For a Human-Centered AI

What do a cabbage, a diamond and the mountains of Trentino have in common?

May 26, 2025

Elia Scattolo and Alessandro Cian bring Speck&Tech into the Foundation's Clean Room.

What do a cabbage, a diamond, and the mountains of Trentino have in common? Seemingly nothing. But in reality, they are all examples of how nature, science, and technology intertwine in surprising ways—often invisible to the naked eye. We discovered this during Speck&Tech #75, an event that took the audience on a journey into the world of Clean Rooms and nanotechnologies.

The stars of the evening were Alessandro Cian and Elia Scattolo, researchers at the  Center for Sensors & Devices at FBK (Fondazione Bruno Kessler), who described the role of Clean Rooms in the development of cutting-edge devices and materials that are increasingly present in our everyday lives.

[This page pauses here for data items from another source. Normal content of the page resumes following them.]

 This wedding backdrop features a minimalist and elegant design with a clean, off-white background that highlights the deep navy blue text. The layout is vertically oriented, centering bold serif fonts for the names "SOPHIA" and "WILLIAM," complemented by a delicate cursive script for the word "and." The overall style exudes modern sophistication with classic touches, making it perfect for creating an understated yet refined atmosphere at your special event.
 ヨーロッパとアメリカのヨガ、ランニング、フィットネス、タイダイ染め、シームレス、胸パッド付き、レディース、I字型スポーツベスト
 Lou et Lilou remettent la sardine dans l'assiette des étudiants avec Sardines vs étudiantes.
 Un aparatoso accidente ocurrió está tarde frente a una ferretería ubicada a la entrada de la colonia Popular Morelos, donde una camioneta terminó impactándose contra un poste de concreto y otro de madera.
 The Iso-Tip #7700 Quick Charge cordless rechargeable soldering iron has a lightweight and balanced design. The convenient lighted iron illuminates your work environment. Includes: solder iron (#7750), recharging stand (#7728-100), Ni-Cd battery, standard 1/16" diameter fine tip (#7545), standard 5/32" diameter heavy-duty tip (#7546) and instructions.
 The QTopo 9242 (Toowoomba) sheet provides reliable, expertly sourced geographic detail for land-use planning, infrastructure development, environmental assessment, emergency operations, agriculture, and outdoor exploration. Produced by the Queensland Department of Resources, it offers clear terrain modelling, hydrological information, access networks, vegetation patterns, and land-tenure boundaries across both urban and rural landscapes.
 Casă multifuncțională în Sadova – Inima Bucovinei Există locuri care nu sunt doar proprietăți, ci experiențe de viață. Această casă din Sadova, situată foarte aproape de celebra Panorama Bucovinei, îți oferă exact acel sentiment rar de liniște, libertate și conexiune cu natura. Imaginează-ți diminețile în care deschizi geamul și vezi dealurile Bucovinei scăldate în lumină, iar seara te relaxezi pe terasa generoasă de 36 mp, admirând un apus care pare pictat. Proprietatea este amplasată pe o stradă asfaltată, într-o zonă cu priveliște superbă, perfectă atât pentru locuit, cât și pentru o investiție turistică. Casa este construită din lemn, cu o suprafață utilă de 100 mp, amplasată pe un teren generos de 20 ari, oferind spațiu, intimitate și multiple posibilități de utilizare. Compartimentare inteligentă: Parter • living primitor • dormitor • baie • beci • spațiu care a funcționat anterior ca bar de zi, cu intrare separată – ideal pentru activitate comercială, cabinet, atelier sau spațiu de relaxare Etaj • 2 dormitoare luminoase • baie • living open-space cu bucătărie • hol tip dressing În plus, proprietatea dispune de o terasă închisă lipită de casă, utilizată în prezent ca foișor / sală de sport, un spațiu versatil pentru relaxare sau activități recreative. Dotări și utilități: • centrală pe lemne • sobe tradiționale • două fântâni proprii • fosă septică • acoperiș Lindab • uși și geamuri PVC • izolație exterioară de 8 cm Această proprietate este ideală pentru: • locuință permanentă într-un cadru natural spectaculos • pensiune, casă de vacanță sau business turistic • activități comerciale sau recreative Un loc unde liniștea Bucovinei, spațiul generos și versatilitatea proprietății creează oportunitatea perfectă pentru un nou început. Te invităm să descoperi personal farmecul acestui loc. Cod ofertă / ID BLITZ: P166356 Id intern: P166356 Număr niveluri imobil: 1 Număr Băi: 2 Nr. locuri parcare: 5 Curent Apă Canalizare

From breath to the environment: understanding the world through MOX sensors

When you say Trentino, you think of nature, mountains, innovation… and ‘nanothings,’” began Alessandro Cian, a researcher in the Micro Nano Facility unit and Science Ambassador at FBK. Through a journey that combined technology and the local area, he explained how tiny devices—gas sensors—are used to monitor air quality, industrial emissions, and vital signs. Made with semiconductor materials, MOX (Metal Oxide Semiconductor) gas sensors change their electrical resistance in the presence of specific gases, producing a measurable signal. Applications? From home carbon monoxide detectors to precision agriculture tools and breath monitoring in medical devices. Thanks to nanofabrication processes developed in the Clean Room by the gas sensing group led by Andrea Gaiardo, these sensors are becoming increasingly small, integrated, and smart. Invisible to the human eye, yet essential for interpreting the world around us.

 

Cabbages, geckos, and diamonds: nanotechnology for dummies

 Elia Scattolo, a researcher in the Micro Nano Facility unit, guided the audience through another universe: natural nanostructures and quantum materials. His talk, titled “Cabbages and Diamonds: Beyond Nanotechnologies,” revealed how plants, animals, and ancient works of art are unsuspecting masters of nanotechnology.

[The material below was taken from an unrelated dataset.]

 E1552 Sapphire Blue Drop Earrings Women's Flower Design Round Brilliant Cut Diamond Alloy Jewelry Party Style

Cabbage leaves? Examples of superhydrophobic surfaces. Gecko feet? Masterpieces of adhesion. Diamonds? Not just a precious gem, but an ideal platform for developing quantum sensors and devices, thanks to so-called color centers—nano-defects in the crystal structure that emit visible light.

These technologies are also studied and developed within FBK’s Clean Rooms and open up possibilities ranging from quantum cryptography to quantum sensing, advanced microscopy, single-photon generation.

This edition of Speck&Tech, organized in collaboration with the HIT Foundation, didn’t take place inside a Clean Room—for understandable reasons related to access and contamination—but it offered the public a rare insight into the work and innovations being developed within such controlled environments.